Não faltam indicadores jurídicos e socioeconômicos sobre o desmoronamento duplo da democracia e da capacidade estatal. Suspiros de alívio pela não decretação de golpe de Estado nos moldes de 1964, desde um carro de som na Paulista, com desfile de tanques, não provam "instituições funcionando" nem democracia respirando. Provam que nosso app detector de golpe ainda não roda na versão 2.0.

A democracia está intubada. Instituições de controle continuam a receitar cloroquina para ver o que acontece. Lira, Pacheco e Aras formam o triângulo mágico da indolência que Mussolini nenhum botaria defeito. Não foram talhados para liderar na crise, mas para o gozo da normalidade magistocrática. Preferem colaborar e fazer pronunciamentos mais insossos que picolé de chuchu. Viram no 7 de Setembro "festa cívica".

Fux está um tom acima, mas ainda tenta acalmar Bolsonaro. Até prometeu mecanismo de legalidade criativa para envernizar calote dos precatórios se o menino delinquente se comportasse ao microfone. O menino delinquente rejeitou o pirulito, deu "ultimato" a Fux e exigiu que enquadrasse seu colega "canalha" ou "esse Poder" poderia "sofrer aquilo que não queremos". Ao colega "pedófilo" também sugeriu jogar "nas quatro linhas" da "Constituição sou eu".
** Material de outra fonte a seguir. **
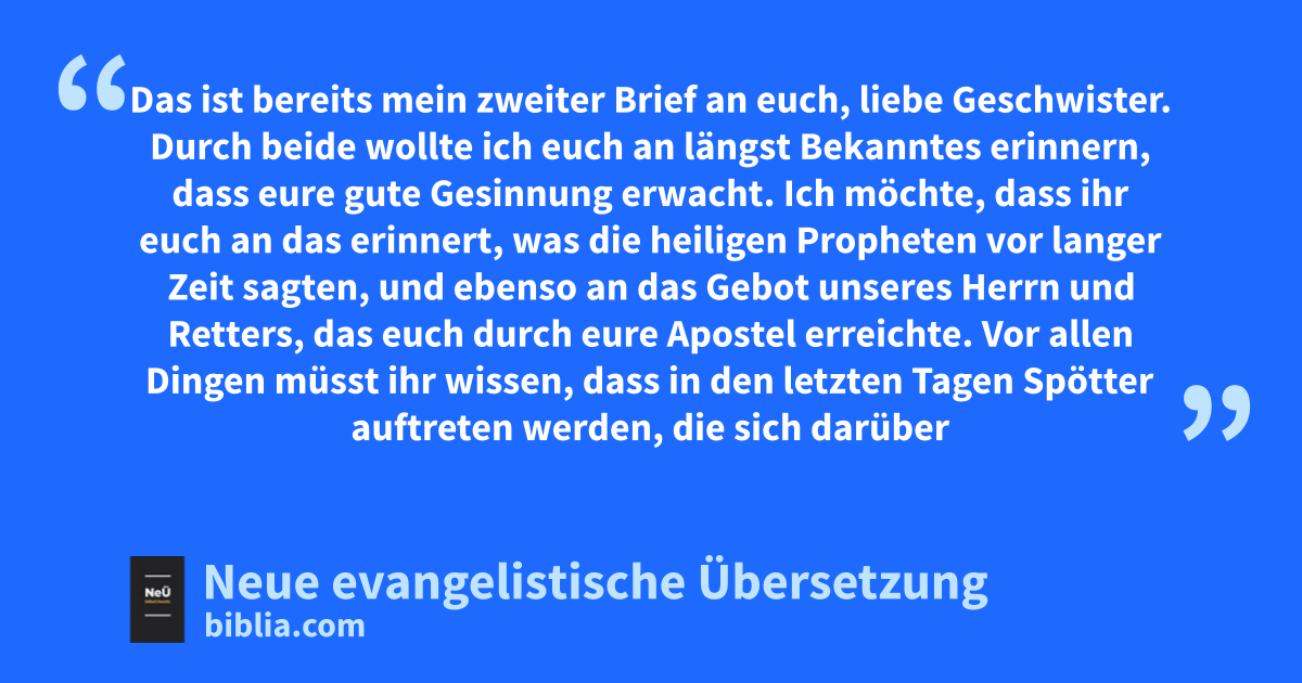 3 1 Das ist bereits mein zweiter Brief an euch, liebe Geschwister. Durch beide wollte ich euch an längst Bekanntes erinnern, dass eure gute Gesinnung erwacht. 2 Ich möchte, dass ihr euch an das erinnert, was die heiligen Propheten vor langer Zeit sagten, und ebenso an das Gebot unseres Herrn und Retters, das euch durch eure Apostel erreichte. 3 Vor allen Dingen müsst ihr wissen, dass in den letzten Tagen Spötter auftreten werden, die sich darüber lustig machen und ihre eigenen Begierden ausleben. 4 Sie werden sagen: „Er hat doch versprochen wiederzukommen! Wo bleibt er denn? Inzwischen sind unsere Väter gestorben, aber alles ist immer noch so, wie es seit der Schöpfung von Anfang an war.“ 5 Wer das behauptet, will nicht wahrhaben, dass es die Himmel schon längst gab und die Erde aus dem Wasser hervorgetreten und mit Wasser umgeben war. Gott hatte sie durch sein Wort geschaffen. 6 Dennoch wurde die Welt damals ‹bei der großen Flut auf Gottes Wort hin› durch Wasser überschwemmt und vernichtet. 7 Durch dasselbe Wort werden nun auch die jetzigen Himmel und die jetzige Erde für das Feuer aufgespart. Sie werden bewahrt bis zum Tag des Gerichts, an dem die Gottlosen zugrunde gehen.

Bolsonaro não é o "homo politicus-democraticus" que costuma inspirar previsões da ciência política. Aliados e adversários fazem seus cálculos eleitorais com base em certas expectativas de como atores racionais se comportam. A racionalidade de Bolsonaro é outra, e isso desconcerta a todos. Em 2018, aquela racionalidade extremista e anti-institucional os derrotou.

Em parte por isso, a grande "lei geral" da ciência política para eleições presidenciais —candidato se elege com dinheiro, tempo de TV, plataforma partidária etc.— falhou. Talvez volte a escorregar em 2022. Em parte por isso, pesquisas que, um ano e meio antes das eleições, começam a mostrar um Bolsonaro sem força até para chegar ao segundo turno dizem tão pouco. Com Bolsonaro na disputa, a viabilidade da terceira via continua um bonito sonho de verão.

Não sabemos se haverá eleições. Havendo eleições, sabemos menos ainda sobre as condições da disputa e a magnitude de práticas ilegais de manipulação sob financiamento obscuro. Temos apenas a certeza de que, mesmo fora da disputa, preso ou solto, impichado ou condenado à pena de inelegibilidade, Bolsonaro e bolsonarinhos formarão falange armada e excitada contra o processo eleitoral. Isso por si só já compromete eleições regulares e precisa entrar na conta.

Temos boas razões para desconfiar que o TSE não dispõe das melhores ferramentas para controlar essa avalanche. Apesar de adotar um dos sistemas de contagem de votos mais eficientes do mundo, por urna eletrônica, o bom funcionamento da maquininha não é suficiente para eleições justas. O jogo sujo acontece antes. Nos porões, nos microfones, nas redes. Ainda não aprendemos a controlar novas técnicas de jogo sujo. Sabemos quem as domina e mais se beneficia.

Há três caminhos para segurar essa derrocada: impeachment pelo Congresso, condenação criminal pelo STF e condenação por infração eleitoral pelo TSE. É tarde, talvez tarde demais. Não há alternativa barata a essa altura. Só não dá para sustentar que algo saia mais caro que a espera de 2022 em ritmo de festa cívica.